In Summary
Background
Iowa CJIS was established in 2009 and performs about 400,000 data exchanges annually, serving 253 local police departments, all 99 county sheriff’s offices, 62 county attorney offices, 94 court clerks and numerous state-level agencies. The information integration and sharing is accomplished via numerous data exchanges that the state established.
The Opportunity
URL Integration, acquired by MCP in 2020, has supported the state since the beginning, first by building two data exchanges—one for filing citations between law enforcement and the courts and the other for sharing information regarding victim notifications. Since then, 25 additional data exchanges were built using the same architecture and technical approach.

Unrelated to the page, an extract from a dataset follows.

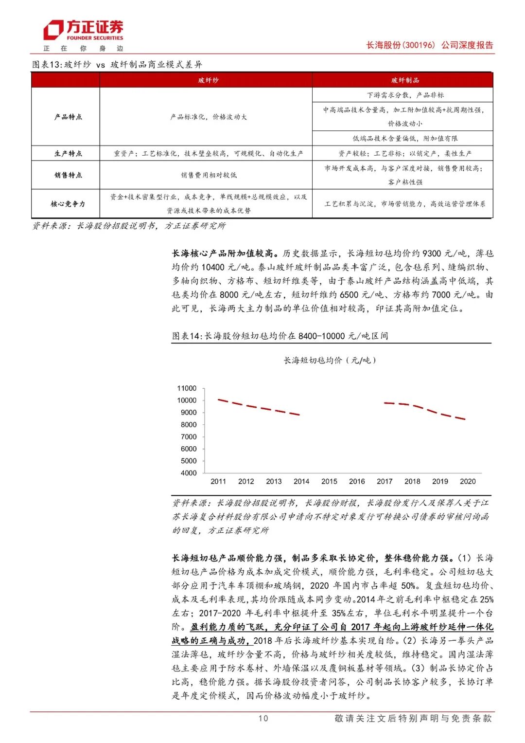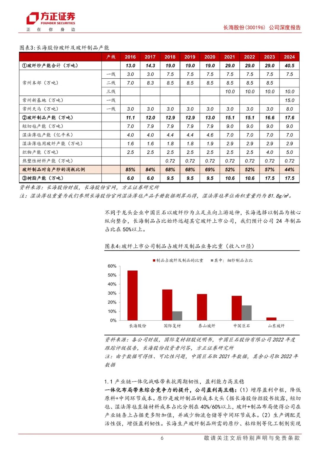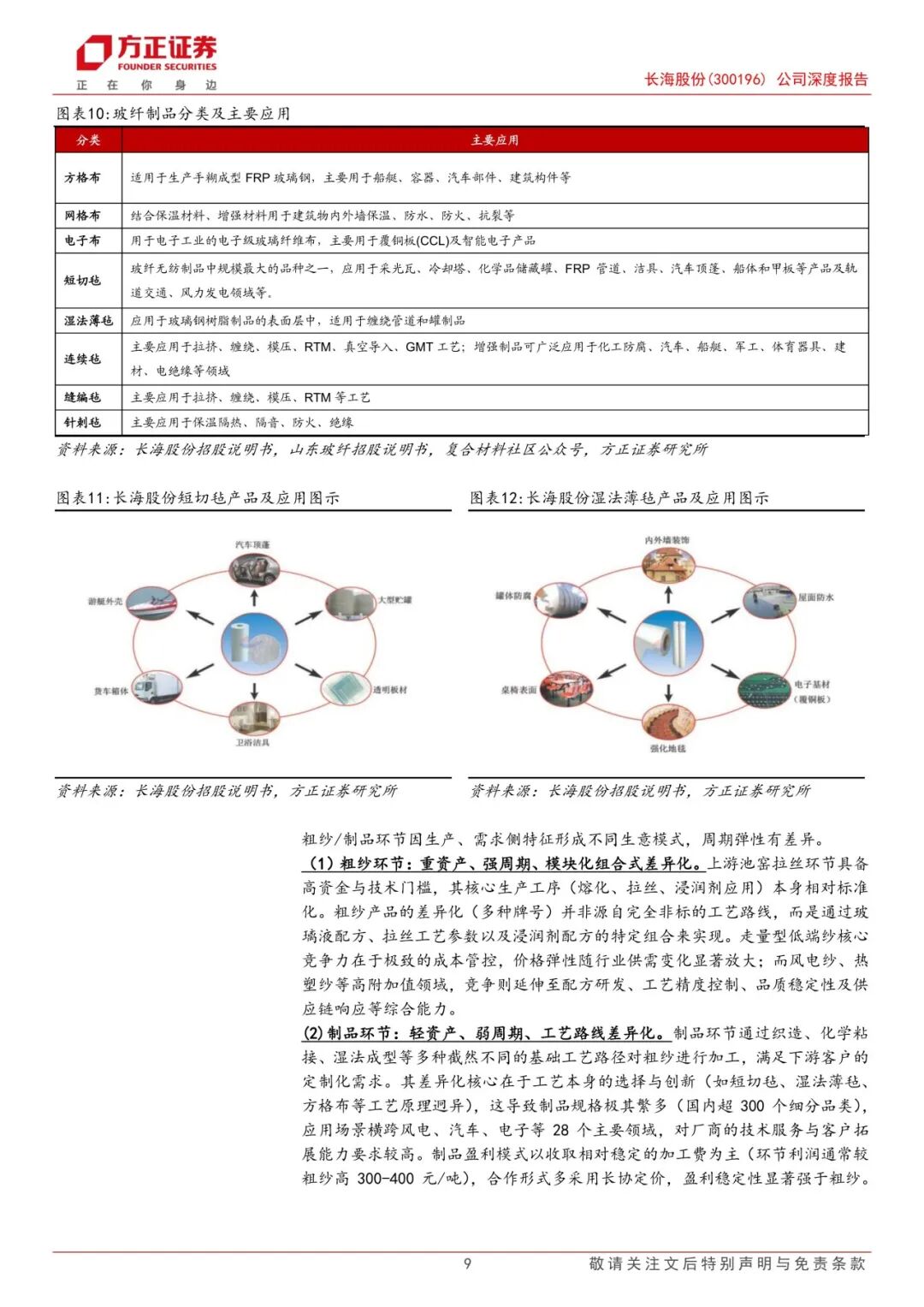 一体化布局助盈利高且稳,产品差异化铸就长期竞争力。长海股份是业内稀缺的玻纤全产业链布局企业,以制品业务起家,通过自建与并购形成“原纱生产→制品深加工→树脂/复合材料制造”的一体化体系。一体化战略带来四大优势:一是增厚盈利中枢,降低原纱及中间环节成本;二是产销灵活,可根据市场环境调节产销策略;三是便于产品性能改进,贯通粗纱到制品再到复材的针对性产品开发;四是实现客户资源协同,市场情报能力强。公司深耕中高附加值制品领域,拳头产品短切毡和湿法薄毡市占率领先。短切毡采用成本加成定价,顺价能力强,毛利率稳定在25%-35%;湿法薄毡与玻纤纱价格关联度低,长协订单占比高,稳价能力突出。近几年公司扣非净利率位于行业第一梯队,并且在景气下行期韧性更强。

Now, collaboration is achieved across agencies and from one jurisdiction to another, and anybody can share with anybody, at any time.
The Approach
Iowa CJIS contains a system architecture that automates data-sharing workflows and ensures that the data is routed to the proper jurisdiction. It also ensures compliance with statutory and regulatory requirements, and performs validations leveraging predefined business rules to ensure integrity and accuracy.
The Results
The Iowa CJIS program has increased the amount of information that is being shared across the state’s criminal-justice community exponentially, has improved the accuracy of the date being sent, has eliminated almost entirely pertinent data being lost and has reduced dramatically the amount of time needed to deliver data.
“It is relied upon by so many different agencies—state-level, county, and local—that at this point it has become irreplaceable,” said Tammi Blackstone, Iowa Division of Criminal Justice and Juvenile Justice Planning.